Activity = Because the entries hold pictures, reproduce only their words, exactly as written.

-------- Data extracts

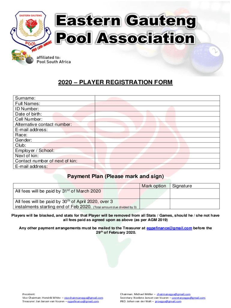 2020 PLAYER REGISTRATION FORM Surname: Full Names: ID Number: Date of birth: Cell Number: Alternative contact number: Email address: Race: Gender: Club: Employer / School: Next of kin: Contact number
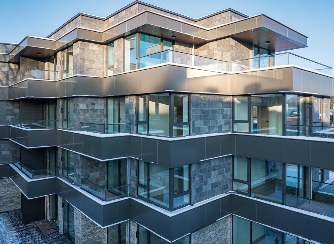 Kiekvienas daugiaaukštis suprojektuotas taip, tarsi būtų sudarytas iš trijų skirtingų dalių, kurių kiekvienoje atsiveria skirtingi vaizdai, susiję su skirtingu kontekstu – gatve, miestu ar dangumi. Vertikalių plokštumų akcentas –horizontali turkio spalvos bendrųjų erdvių juosta per septintąjį aukštą. Daliai komplekso pasirinkta neapdoroto betono tekstūra, raudona
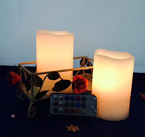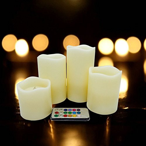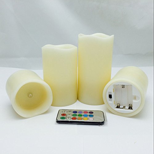 --MULTI-function REMOTE Control(Remote will works from up to 20 feet away) gives you the option to control the FLICKER, set a 4-or 8-hrs timer,Auto-Circle 24Hour timer, Swith 12- Glowing light colors to be chosen from! Also set them to rotate through the color changing automatically! The flame sits deep inside the wax Candle to give you a REALISTIC Candles without the smoke or messy dripping wax!
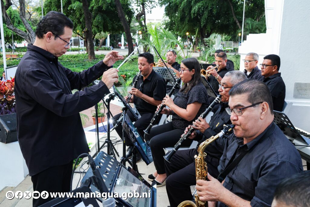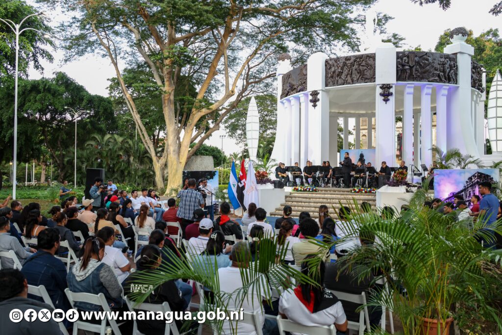 La actividad se efectuó este jueves en La Glorieta del Parque Central, ubicadao en el centro historico de la vieja Managua, y estuvo a cargo de la Orquesta Municipal y diversos grupos folclóricos.
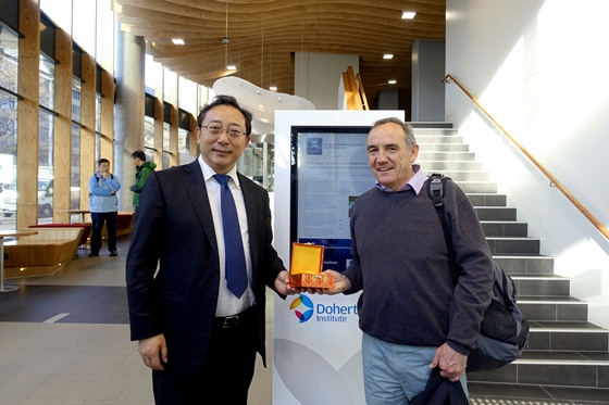 应澳大利亚墨尔本大学邀请,2016年8月25日曹雪涛院校长赴该校医学、牙科与健康科学学部(Faculty of Medicine, Dentistry & Health Sciences)访问,院校科技管理处处长王健伟研究员、病原生物学研究所科技处处长赵振东研究员陪同访问。

----------------

Result of the task =
 2020 PLAYER REGISTRATION FORM Surname: Full Names: ID Number: Date of birth: Cell Number: Alternative contact number: Email address: Race: Gender: Club: Employer / School: Next of kin: Contact number
 Kiekvienas daugiaaukštis suprojektuotas taip, tarsi būtų sudarytas iš trijų skirtingų dalių, kurių kiekvienoje atsiveria skirtingi vaizdai, susiję su skirtingu kontekstu – gatve, miestu ar dangumi. Vertikalių plokštumų akcentas –horizontali turkio spalvos bendrųjų erdvių juosta per septintąjį aukštą. Daliai komplekso pasirinkta neapdoroto betono tekstūra, raudona
 --MULTI-function REMOTE Control(Remote will works from up to 20 feet away) gives you the option to control the FLICKER, set a 4-or 8-hrs timer,Auto-Circle 24Hour timer, Swith 12- Glowing light colors to be chosen from! Also set them to rotate through the color changing automatically! The flame sits deep inside the wax Candle to give you a REALISTIC Candles without the smoke or messy dripping wax!
 La actividad se efectuó este jueves en La Glorieta del Parque Central, ubicadao en el centro historico de la vieja Managua, y estuvo a cargo de la Orquesta Municipal y diversos grupos folclóricos.
 应澳大利亚墨尔本大学邀请,2016年8月25日曹雪涛院校长赴该校医学、牙科与健康科学学部(Faculty of Medicine, Dentistry & Health Sciences)访问,院校科技管理处处长王健伟研究员、病原生物学研究所科技处处长赵振东研究员陪同访问。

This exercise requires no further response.